II 2024 è un anno storico per l’atletica a Modena. La Fratellanza raggiunge la veneranda età di 150 anni, mentre la Corrida di San Geminiano stacca il numero 50 nel conto delle edizioni. Per una concomitanza del genere, non poteva che esserci un testimonial d’eccezione, ovvero Stefano Baldini, campione olimpico nella maratona ad Atene 2004. “Sono felice di tornare a Modena – ci ha raccontato l’ex atleta ora allenatore – un ambiente che frequento da sempre, prima da atleta mentre adesso da allenatore. Il fatto che una manifestazione come la Corrida vada a compiere 50 anni in concomitanza dei 150 de La Fratellanza dà la misura di quello che è stato costruito nel tempo, e di quanto l’atletica sia importante, sia dentro che fuori dal campo di via Piazza. Ormai è diventato un appuntamento classico”.
Baldini, che cosa significa per lei la Corrida?
“L’ingresso nel mondo dei grandi, dato che ho partecipato alla mia prima Corrida da Juniores, nel 1990. Lì per la prima volta ho potuto toccare con mano che cosa significhi correre con gli adulti. Quel giorno mi feci anche notare dal professor Gigliotti, il cuore pulsante de La Fratellanza e della Corrida. Oltre che essere stato il mio allenatore, è stato l’artefice dei risultati che abbiamo ottenuto in giro per il mondo, allenandomi tra Rubiera e Modena”.
Che ricordi ha invece riguardo alla vittoria nell’95?
“Era una giornata soleggiata, abbastanza fredda, in un momento della mia vita sportiva già di ottimo livello, ma che non era quella da Europei, Mondiali o Olimpiadi. Fu un passaggio fondamentale verso l’atletica di alto livello”.
Quali sono i consigli per un corridore amatoriale che vuole approcciarsi a questa manifestazione?
“Qualche ragazzo che seguo partecipano alla Corrida, e la reputano come l’appuntamento dell’inverno. Veniamo da un gennaio caratterizzato da un clima abbastanza buono, e quindi c’è ancora la possibilità di concludere nel migliore dei modi la preparazione. Non sempre c’è stata questa possibilità. Io andrei a provare il percorso. A parte forse il centro, il resto del tracciato può essere tranquillamente testato. Ci sono un paio di punti, soprattutto a Cognento, un po’ ostici, come il sottopassaggio della tangenziale. Proverei anche i cavalcavia, che possono risultare difficili, soprattutto nel ritorno verso Modena. Infine, cercherei di godermi la giornata appieno”.

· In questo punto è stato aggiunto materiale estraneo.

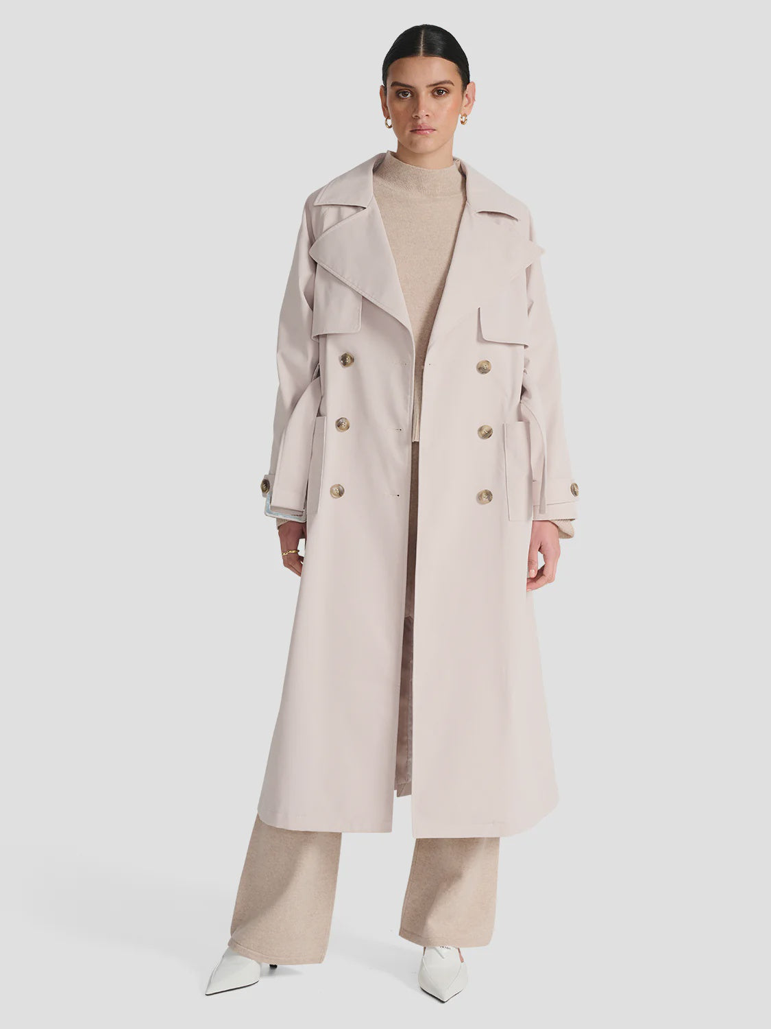 The Carrie Trench Coat has been designed for an efortless outerwear staple. Elevated by an oversized lapel and collar, front twin storm flaps and pleated back storm flap look no further for this seasons perfect trench.

A proposito del professor Gigliotti, com’era il vostro rapporto? Il soprannome “professor Fatica” è azzeccato?
“Letterariamente parlando sì, ma il prof era geniale nella sua curiosità. Nonostante avesse vinto tanto con i suoi atleti, non ha mai smesso di aggiornarsi, perché anche se sei il numero uno hai sempre qualcosa da imparare. Il nostro è stato un rapporto importante, e lo è tutt’ora. Quando ho smesso di fare l’atleta, occupandomi delle nazionali giovanili, l’ho voluto con me come tecnico della Nazionale. Ancora oggi è il mio primo consigliere. Sono grato di avere la possibilità di attingere alle sue conoscenze”.
Che cosa l’ha spinta a rimanere sempre molto legato a questa zona?
“Ad oggi una ventina di mezzofondisti della Nazionale hanno scelto di vivere ed allenarsi tra Rubiera e Modena. Esiste un accordo tra la Corradini e La Fratellanza, e questo è la chiave per far si che nel tempo questo territorio possa diventare un punto di riferimento. Qui c’è terreno fertile per fare atletica di alto livello, per via degli impianti, delle persone e anche della storia”.
Oltre ai 50 anni della Corrida e i 150 della Fratellanza, nel 2024 si festeggia anche un’altra grande ricorrenza…
“Sono passati vent’anni dalla medaglia d’oro ad Atene. Ho tantissimi ricordi legati anche alla preparazione a quella gara. Come l’ultimo allenamento di 35 km fatto il giorno di Ferragosto, insieme a Lucio Gigliotti vicino a casa sua, in zona cinema Raffaello, quindi nelle strade di campagna. Nonostante i 32 gradi, quell’ultima sessione ci convinse definitivamente che si sarebbe potuto fare qualcosa di importante. Poi da lì a vincere la medaglia d’oro ci sono stati 42 km, corsi veramente alla perfezione. E’ stata la prima volta per me, ma non è stato un caso che ci sia riuscito alle Olimpiadi, perché ci eravamo allenati anni e anni affinché questo accadesse”.